I listened to an audiobook recently that brought up an interesting discourse on the nature of modesty for Christians, which went beyond the concept of dress or appearance. Rather, it was about how we engage with others and the extent to which we expose ourselves on a more philosophical level.
I won't be offering a full book review here as there were some issues I had with the book (despite agreeing with some of the content in theory), but Five Lies of Our Anti-Christian Age by Rosaria Butterfield does offer a lot to think through, especially for Christian women. The last lie that she covered was actually the one that affected me most.

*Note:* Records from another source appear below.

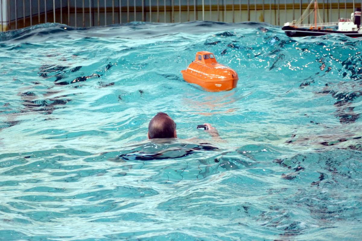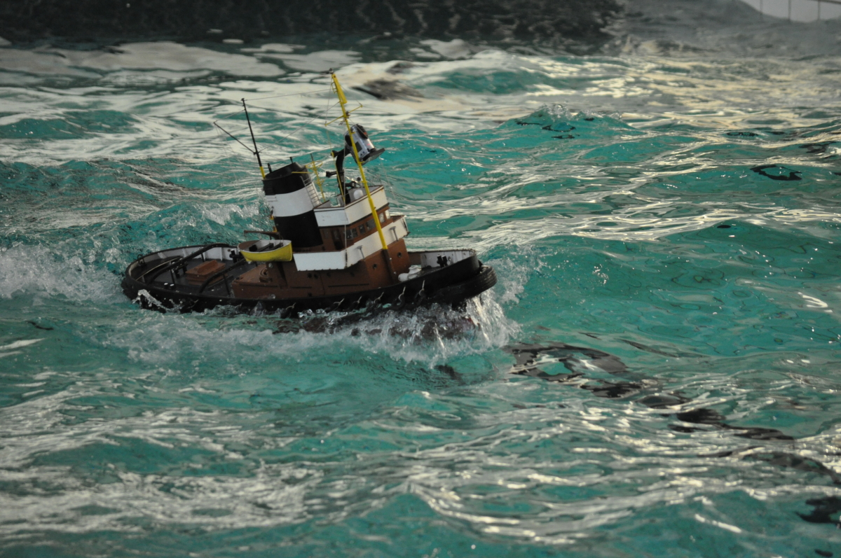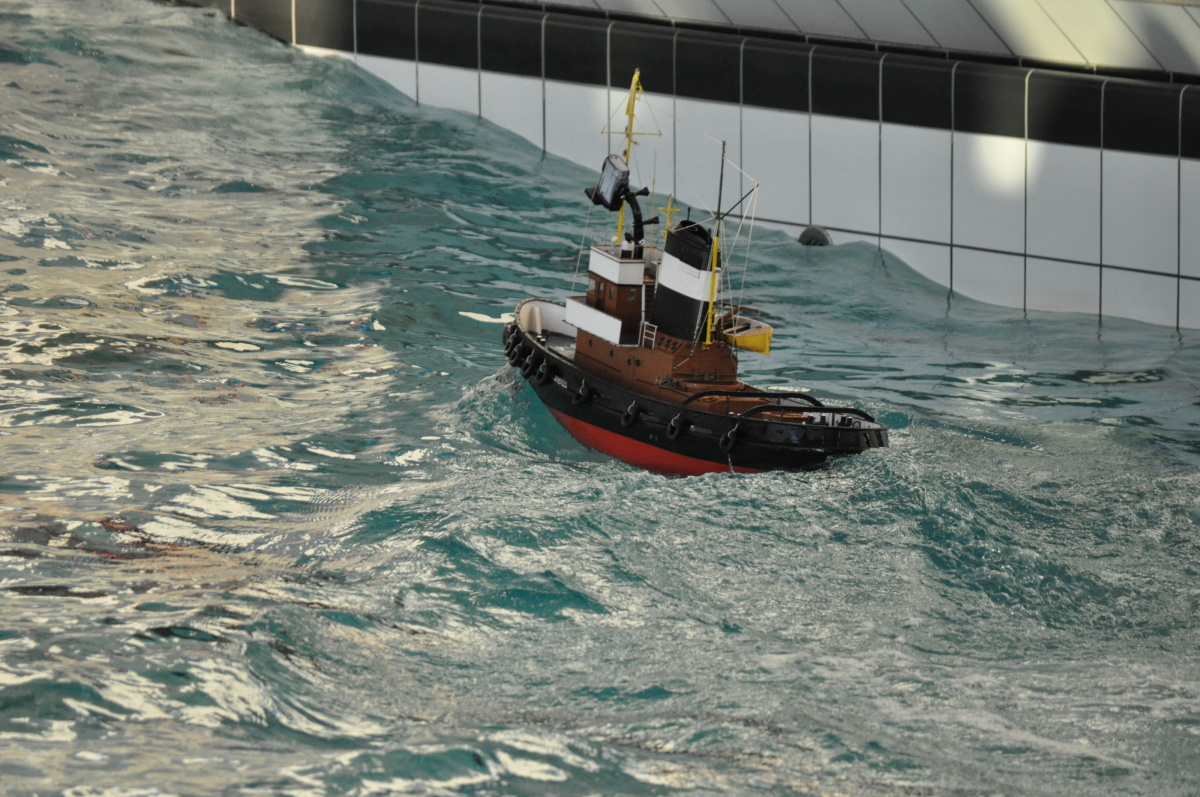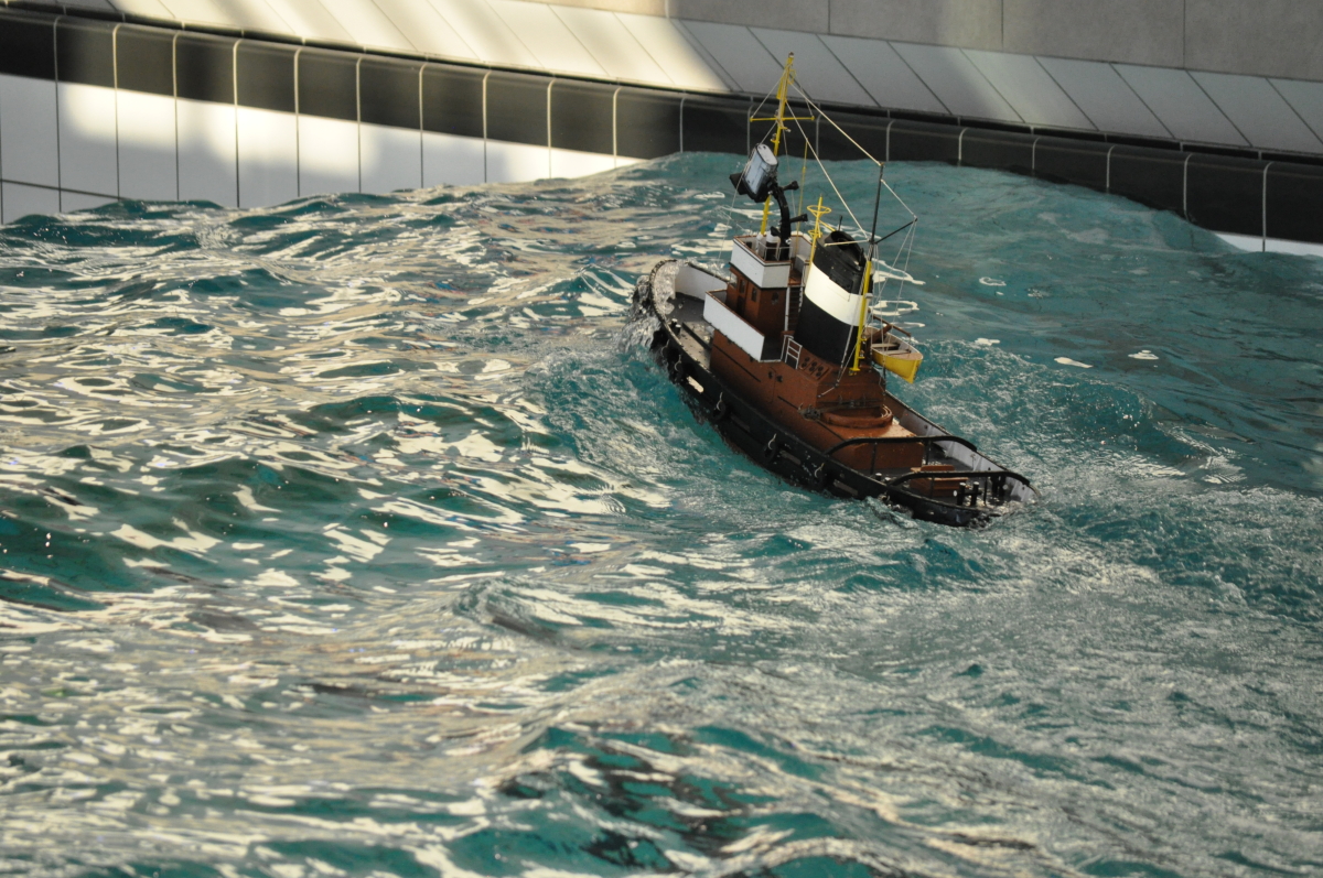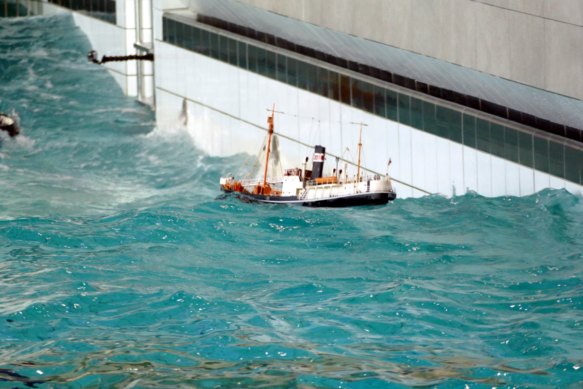 Zu jeder halben Stunde wurde im großen Meerwasserbecken die Wellenmaschine gestartet und das sonst ruhige Wasser wandelte sich binnen Sekunden zu schwerem Seegang. Unter den Augen zahlreicher begeisterter Zuschauer kämpften sich die Schiffsmodelle durch die auf den Maßstab gerechneten Monsterwellen. Dabei mussten die Kapitäne genau wissen, was sie ihren Modellen zumuten konnten. Würde man falsch navigieren, könnte das zum Kentern oder sogar zum Untergang des Schiffes führen. An diesem Tag allerdings lief alles glatt und kein Schiff kam durch die schwere See zu Schaden.
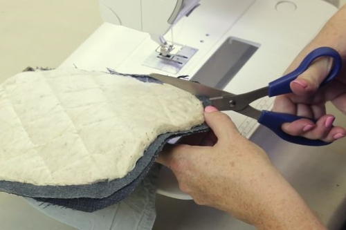 Fold your oven mitt in half (inside out) and round off the edge with scissors.
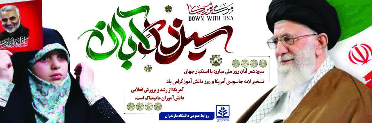 به گزارش روابط عمومی دانشگاه مازندران، همزمان با فرا رسیدن 13 آبان، روز ملی مبارزه با استکبار جهانی و تسخیر لانه جاسوسی آمریکا در ایران، هیات رییسه دانشگاه بیانیهای به شرح زیر صادر کرد:

With apologies to the punctuation and formatting as I transcribed the following quote based off the audiobook, I thought I'd share one of the points that she made:
"Discourse on social media is public and has created a Christian world where seemingly everything is public. Confusing public and private has created great personal pain for people. It has created false conflicts, discouraged reconciliation, and has falsified the rightful place of the keys of the Kingdom, which Jesus Christ has given to the church, not the Internet.
Actual journalism is different from an Internet brawl. I have benefited greatly from women in journalism. Biblical journalism is a blessing to the church, but not everyone with a blog or a brand engages public conflicts with godly conduct.
And on this point, Christian women need to be careful. I have seen reputations ruined, not because of what other people said about Christian women, but because of their own conduct. The bottom line is this: when modesty is exchanged for exhibitionism and then promoted as a new Christian virtue, especially in our social media-infused world, no one is more hurt by it than women. For women who wish to conduct themselves with modesty as the Lord desires, we need to be mindful of our social media footprint.
Regardless of what others do or say, we are called to be above reproach. The Internet escalates gossip, slander, and irreconcilable breeches of fellowship. The people you are directed by God to influence, even if they are no longer in your home, deserve private communication. Loving your children, church, and neighbors is a high calling. If a Christian woman has the reputation of loving her Twitter neighbor while neglecting her real one, this is a vile testimony indeed. A healthy dose of modesty could bring us all to our senses."
Breaking this down into four points, I wanted to share a little bit about what God has been teaching me through other interactions I've had with people and some of this text. Together, I've come to a few practical applications for my life that I'm happy to share here.
- I really appreciate the delineation between private and public realms in this quote. Incidentally, I wrote a post on the topic of privacy in a public setting back in December; however, I hadn't really touched on how being public all the time can affect interpersonal relationships or how this confusion between the two realms can lead to pain. The line that stopped me in my tracks was about how the keys of the Kingdom are given to the church, not the Internet. It's not to say that Internet ministry isn't valid or necessary, but it does keep me from giving all of my time and efforts to a platform that may or may not be the best way to reach the people that God has called me to.
- This is a sobering reminder that having a blog or a brand does not extend to nor does it always accurately reflect our behaviour. How many times have I been disappointed at how people have conducted themselves online? How many times has the temptation been there for me to engage in the same actions? I'm not saying that my online record is spotless, but it is a call to keep asking God for His help in how I conduct myself digitally as well.
- I struggle with the concept of exhibitionism and am grateful that I've chosen to remain anonymous. Though I've had aspirations in the past of becoming an "expert" of sorts who can benefit others with relevant information, I don't seek to be an influencer. If anything, any influence I exert (which I assume would be quite nil) should be to point back to Jesus or to the Bible. While I can admire some online personalities for being able to make things look effortless and inspiring, I'm at the point in my life where I don't want to adopt lifestyle trends for the sake of monetization.
- The author of this book makes many bold assertions, so I'm not surprised that the language of vileness is used here. While I would potentially walk that word back, I can understand where she is coming from as she also teaches on the necessity of hospitality as part of our Christian witness. Even if the language is strong here, I do appreciate the idea of being present when surrounded by others and not being lost to online activities, which I am frequently guilty of committing. Modesty in this sense to me, seems to reference more of a self-control and proper prioritization of life, in addition to what we expose ourselves to or expose of ourselves online.